Therefore, the method and the device can combine the advantages of the digital signal processing method and the deep learning method, and the accuracy of coal and gangue identification is higher. Meanwhile, the DAE belongs to an unsupervised learning model, only coal signals are needed to be used as training data, training labels are not needed, and a large amount of data labeling work can be avoided.

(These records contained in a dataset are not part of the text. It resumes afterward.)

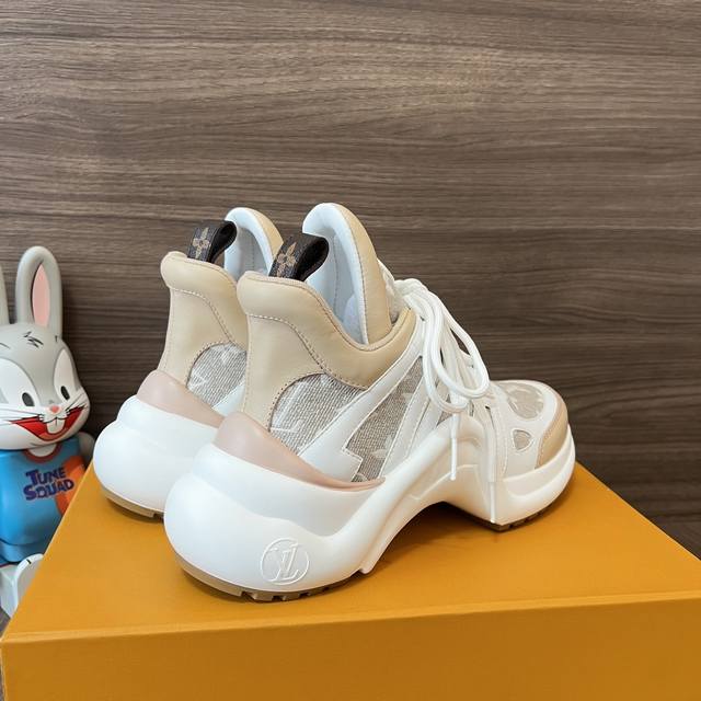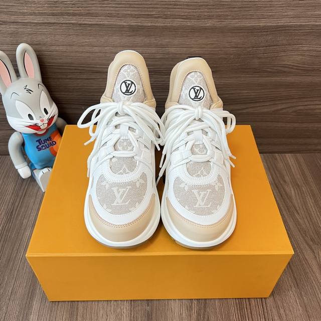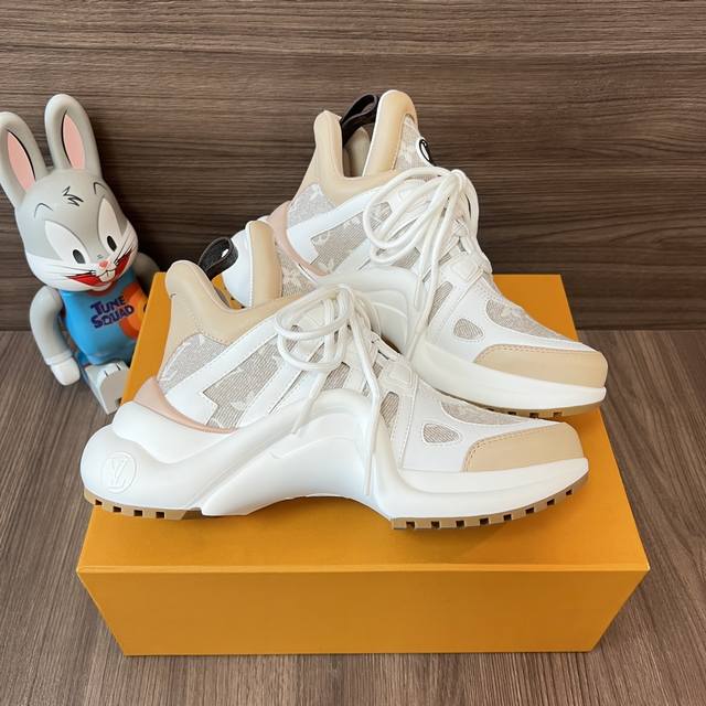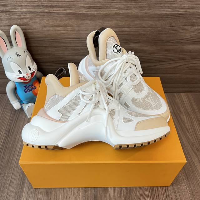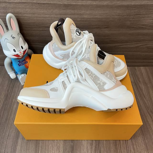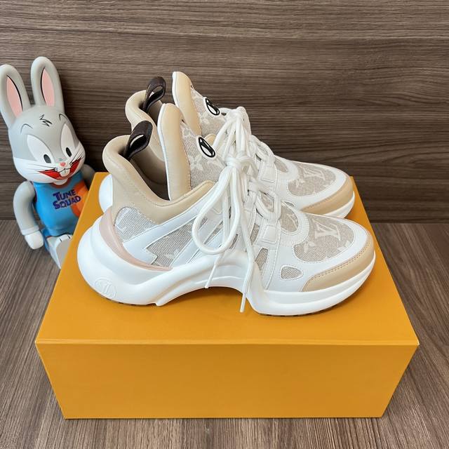/ 顶级版本LOUIS VUITTON Archlight 1.0花纹时尚低帮运动休闲鞋女款浅褐色。面料:科技混合面料拼接牛皮 lv老花皮内里:进口羊皮里 织物垫脚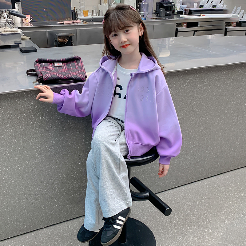 女の子のカジュアルコート2025春の新型の子供のファッションの洋風の百合のスポーツのパーカーのカーディガンの子供のファスナーのシャツ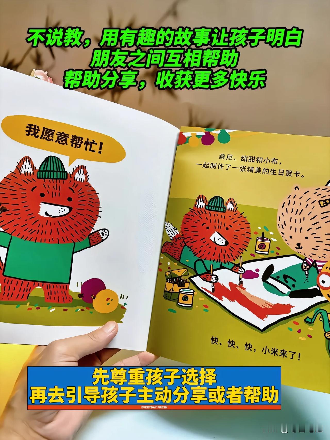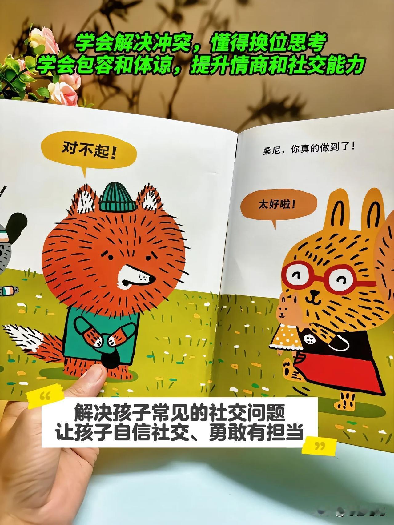 坚持共读一段时间就会发现,孩子渐渐不再用哭闹解决问题,遇到喜欢的玩具会主动询问,自己的东西被碰时也能勇敢表达“这是我的,你要先问我”。他们会变得更自信、独立、有主见,告别成长中的小内耗,社交能力也会“蹭蹭”上涨,轻松变身懂礼貌、会沟通的“小社牛”宝宝。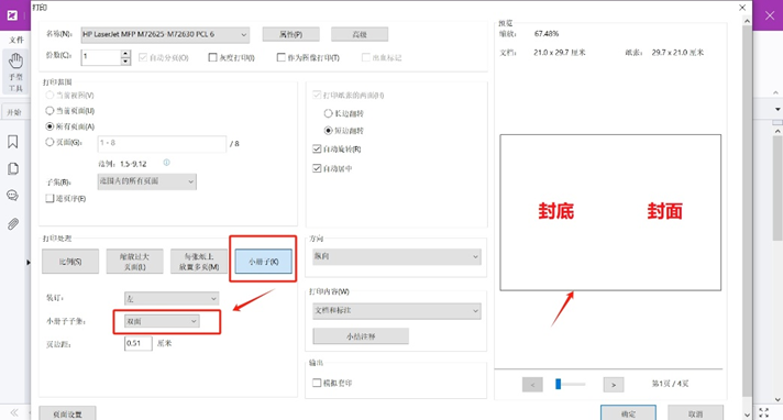 2、选择好打印机,该打印机必须支持双面打印。在“打印处理”选项中,选择“小册子”,小册子子集选择“双面”,即可在右侧看到打印预览图。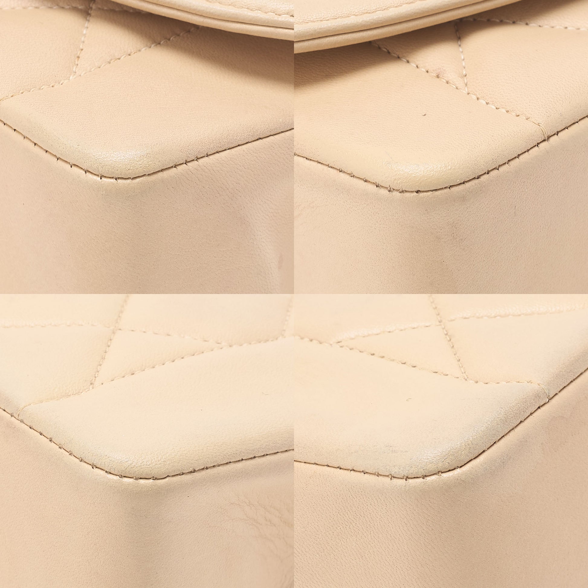 - Material & Color: Genuine lambskin in Beige with gold-tone hardware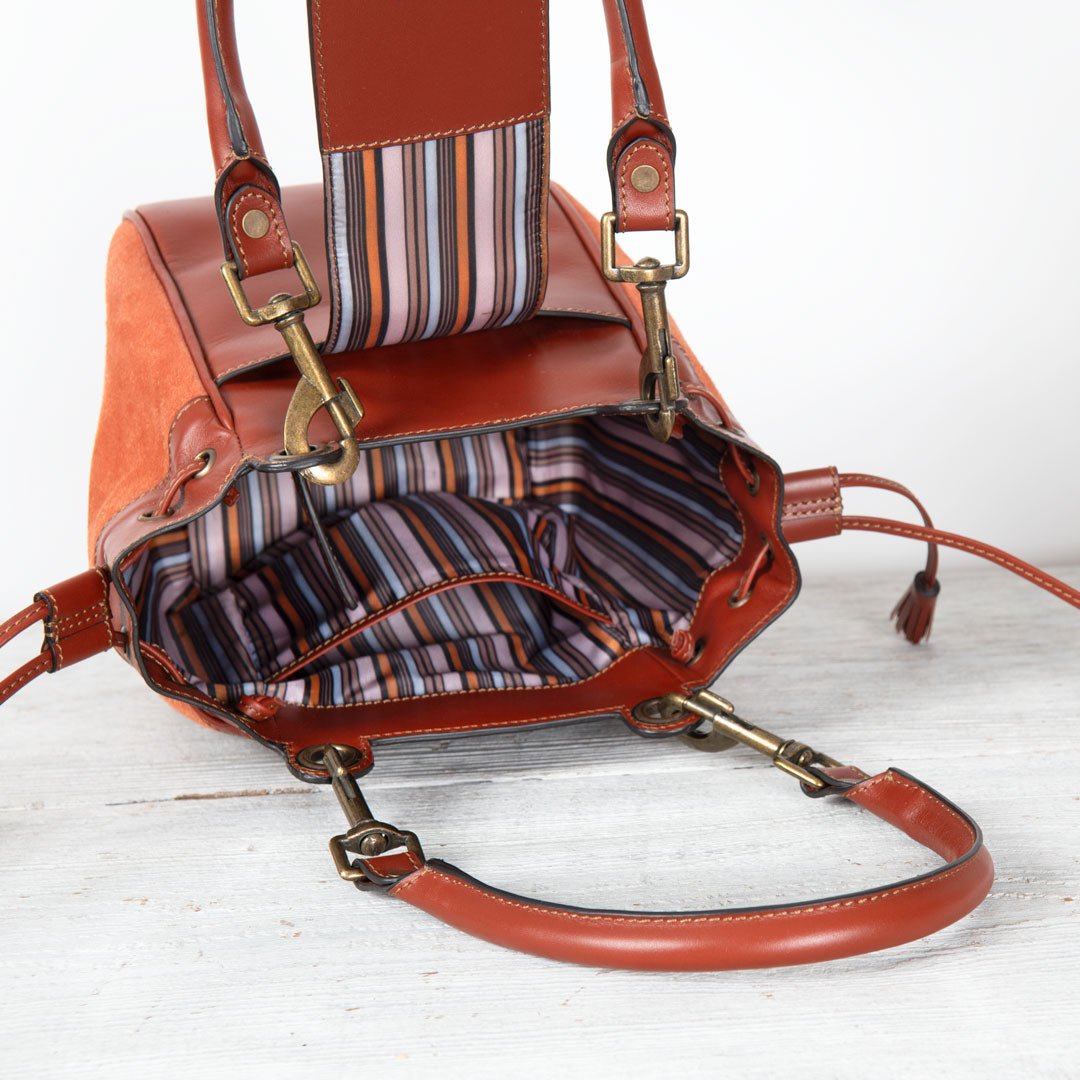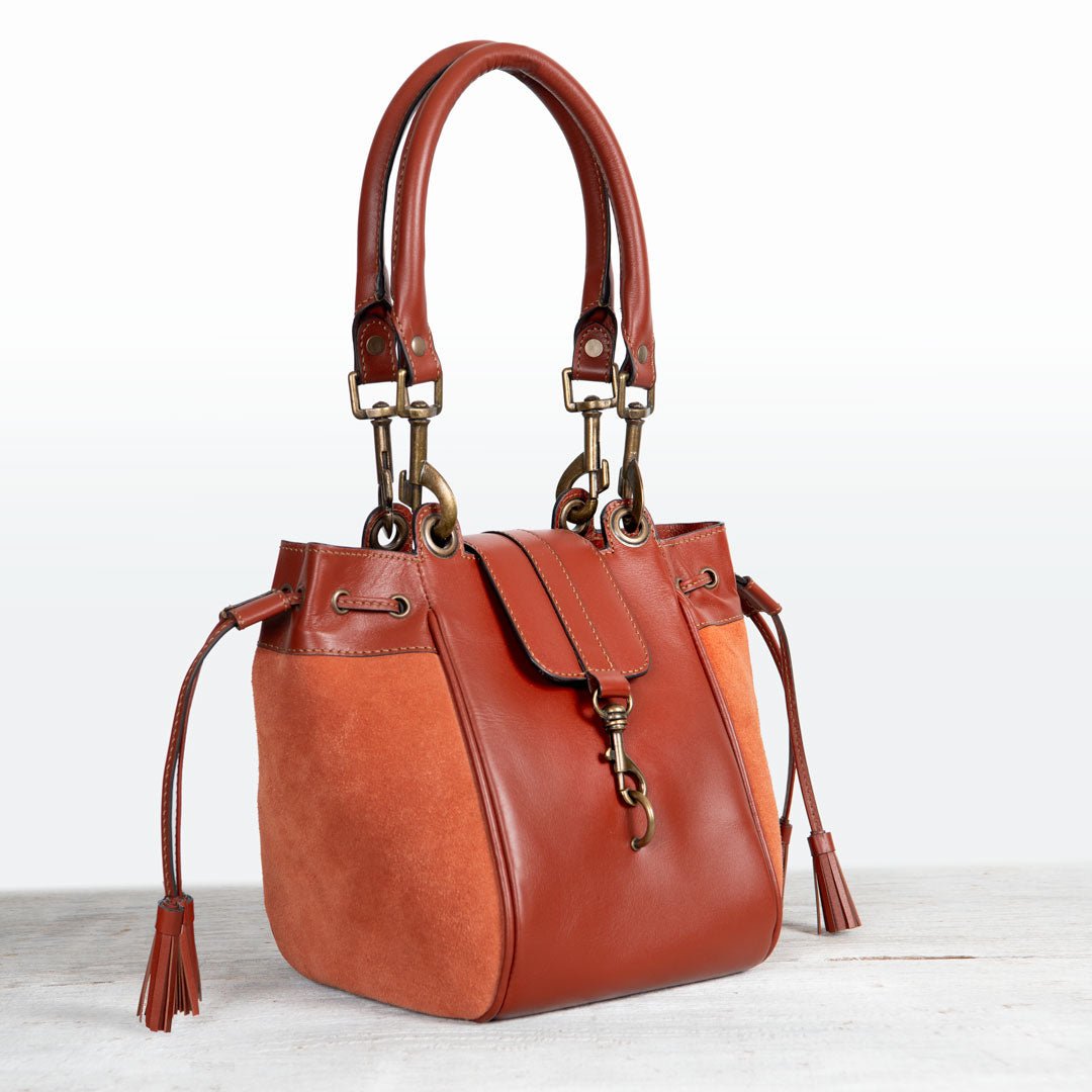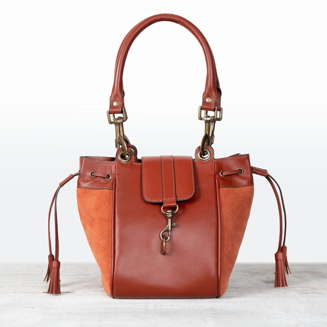 From Reins to Red Carpet, the Cassidy bucket bag captures equestrian elegance in two-tone cognac suede and Italian leather. Polished brass hardware adds a refined glow to its sophisticated silhouette, blending texture, tone, and timeless craftsmanship. Designed for effortless transitions from stable to city, this is the ultimate equestrian handbag and luxurious horse lover gift — a statement of modern style and elegance by URBAN-EQUESTRIAN.

In an embodiment of the present invention, identifying and determining coal or gangue on the rear transporter body according to the analysis result further includes: generating a control signal when the identification result is gangue; stopping transmitting the coal gangue ore to the rear conveyor body according to the control signal; therefore, the purposes of automatic identification and control are achieved. In order to more clearly understand the specific implementation flow of the coal gangue identification method provided by the present invention, the following refers to fig. 5 to collectively describe the above embodiments:
firstly, mounting a vibration acceleration sensor and a signal collecting device on a rear conveyor, wherein the signal collecting device is used for collecting vibration signals collected by the vibration acceleration sensor; at the moment, the coal and gangue transmission is manually started, the upper computer stores the coal and gangue vibration signals collected by the signal collecting device, then the coal and gangue vibration signals are resampled and marked, and the one-dimensional coal and gangue vibration signals stored by the upper computer can be recorded as a sample every 0.1 s; and then marking the coal and gangue vibration signals stored by the upper computer according to manual field records, wherein the coal discharge signal is marked as 0, and the gangue discharge signal is marked as 1.
Then, an identification link is carried out, and the invention mainly provides 3 modes, which are as follows:
the first mode is as follows: and (4) performing coal gangue identification by using a digital signal processing method. In the process of collecting coal gangue signals, the coal caving process can have two conditions of starting and stopping, and in the process, all data can be collected by the signal collector, so that signals with the amplitude value of 0 can exist in the data stored by the upper computer. However, only the impact signal has analytical significance, so that the impact signal of the coal and gangue signal needs to be extracted firstly; the extracted impulse signal is then subjected to a spectral analysis. Under the actual working condition, characteristic frequencies different from coal signals exist in the gangue signals, and the range of the characteristic frequencies is screened out and subjected to band-pass filtering; the filtered spectrum is then subjected to an inverse spectral analysis and an effective value of the inverse transformed signal is determined. Through the operation, a certain discrimination degree exists between the effective values of the coal signal and the gangue signal. Therefore, in the online coal and gangue identification stage, only one threshold value m needs to be set, if the effective value of the signal is greater than m, the sample is a coal signal, and otherwise, the sample is a gangue signal. And once the coal and gangue state mark is changed from coal to gangue, the hydraulic support controller sends a 'stop coal discharge' control instruction to finish the coal discharge.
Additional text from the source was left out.